One of our server encounter backup problem because there are too many files need to be backup, near 200 million total of files. What I need to do is to remove some files in some folders, and let it run automatically everyday to remove the unwanted files. In our web server, we have one temporary folder that use to have lots of temporary files. The folder is located under /home/mywebsite/temp_upload/ .
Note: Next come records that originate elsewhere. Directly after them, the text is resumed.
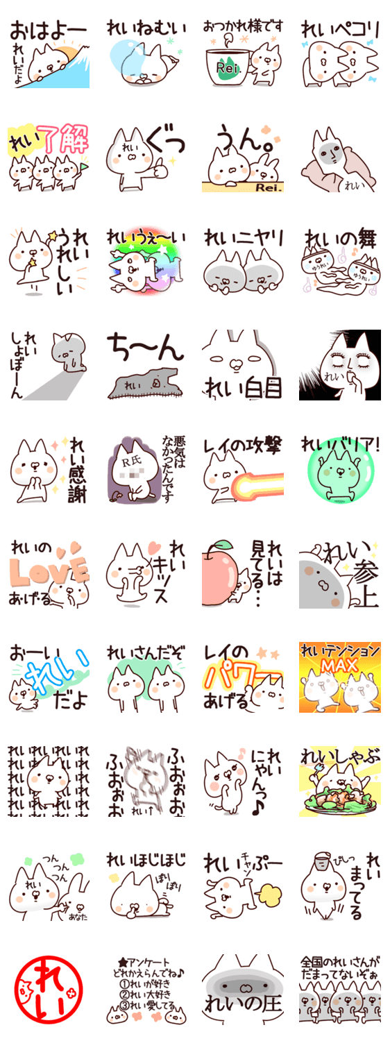 れい、ちゃん、さん、が使える、ゆるい名前/あだ名スタンプ。レイ/れいこ/れいか/れいな/みれい/れいじ/れいら/玲子/麗子/麗華/礼子/専用かわいい、ねこ。送ると面白い。
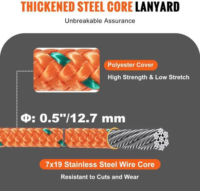 • VEVOR Steel Core flipline, 1/2" x 8' Arborist Flipline, Flip Line for Tree Climbing with Alloy Steel Snap Hook, Aluminum Alloy Carabiner and Extra Tool Lanyard, for Arborist, Tree Climbers
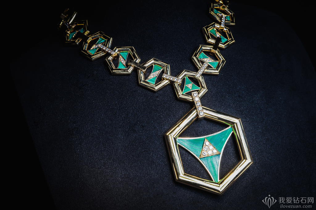 xingxingtuanshoulian,chengxianlitikongjianyubaoshiguangcaidebicihuying。zheijianzuopinyou7geluanxinglianjiezucheng,waiquanyouzuanshipuxiangercheng,chengduanmianxiaoguodehuangjinbufenzexiangneiaoxian,dangzhongxiangqianzumulv,zheiyangtupoxiangxiangdeshejixingchengdejihezhangli,touguohuangjinbiaomiandeyingshe,zumulvdeguangzeyouxushizhijianjiaoxianghuiyingdexiaoguo。
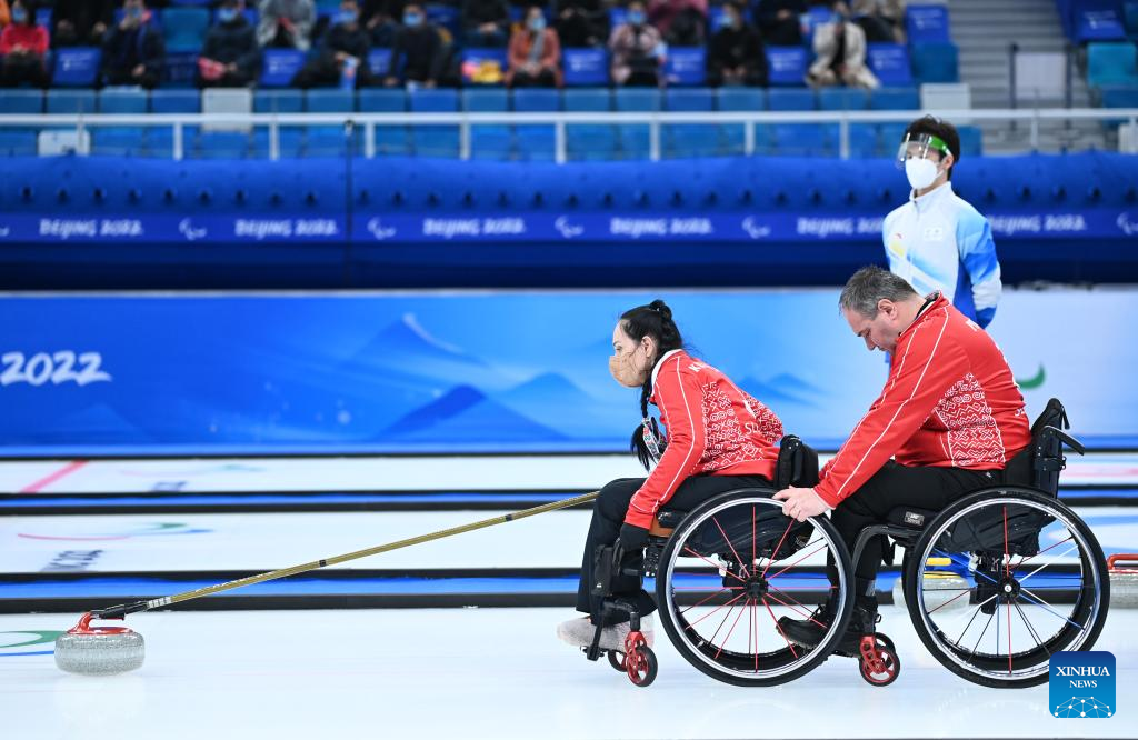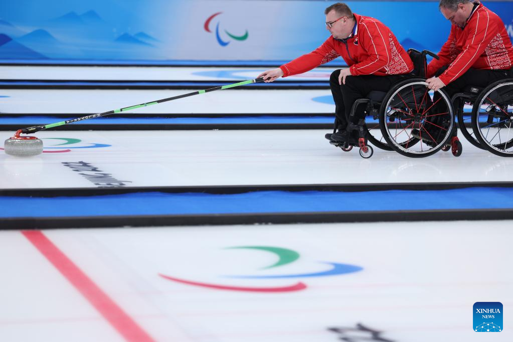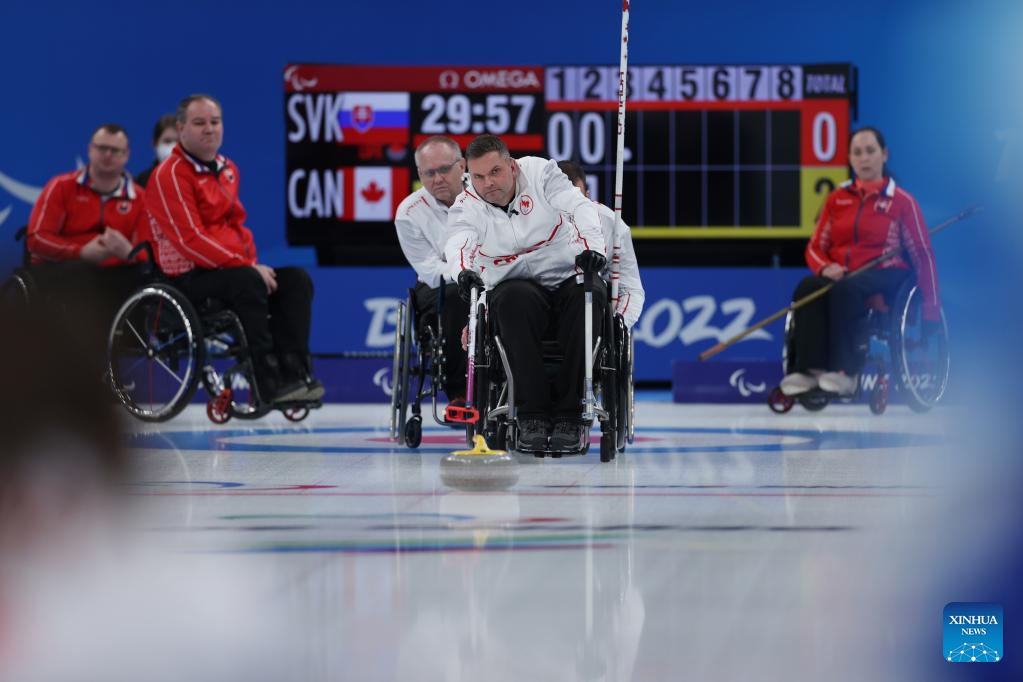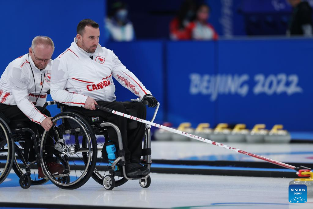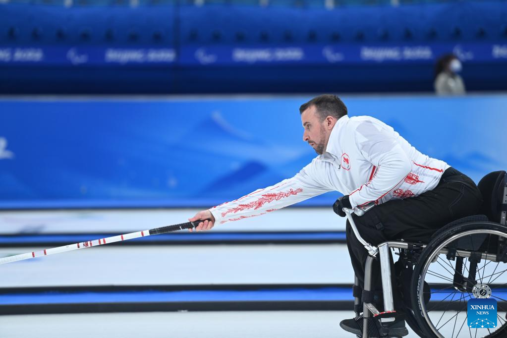 Jon Thurston (R) of Canada competes during the Wheelchair Curling Bronze Medal Match between Slovakia and Canada of Beijing 2022 Winter Paralympics at National Aquatics Centre in Beijing, capital of China, on March 11, 2022. (Xinhua/Xu Yanan)

I started by checking the inodes (the number of files) in this folder:
$ du -sk /home/mywebsite/temp_upload/ 10543660 /home/mywebsite/temp_upload/
As you can see, I have 10 million files inside this directory. Our developer has forgot to remove the unused files so I need to create a cron job to remove files which older than 3 months (90 days) in this directory. To remove, the command should be as below:
$ find /home/mywebsite/temp_upload/ -type f -mtime +90 | xargs rm -Rf
It takes some time to complete and once done, the inodes has dropped to 2077:
$ du -sk /home/mywebsite/temp_upload/ 2077 /home/mywebsite/temp_upload
To automate this, just add the command into crontab and schedule to run on weekly basis (at 6 AM every Sunday):
$ crontab -e
Add following line:
0 6 * * 0 /bin/find /home/mywebsite/temp_upload/ -type f -mtime +90 | xargs rm -Rf
Restart crond to apply the cron changes:
$ service crond restart
Warning: Make sure you run the command during low peak hours. This process might overloading your server, as what happened to me due to wrong time zone 🙂
Now you should automate the files removal and you can focus on other things!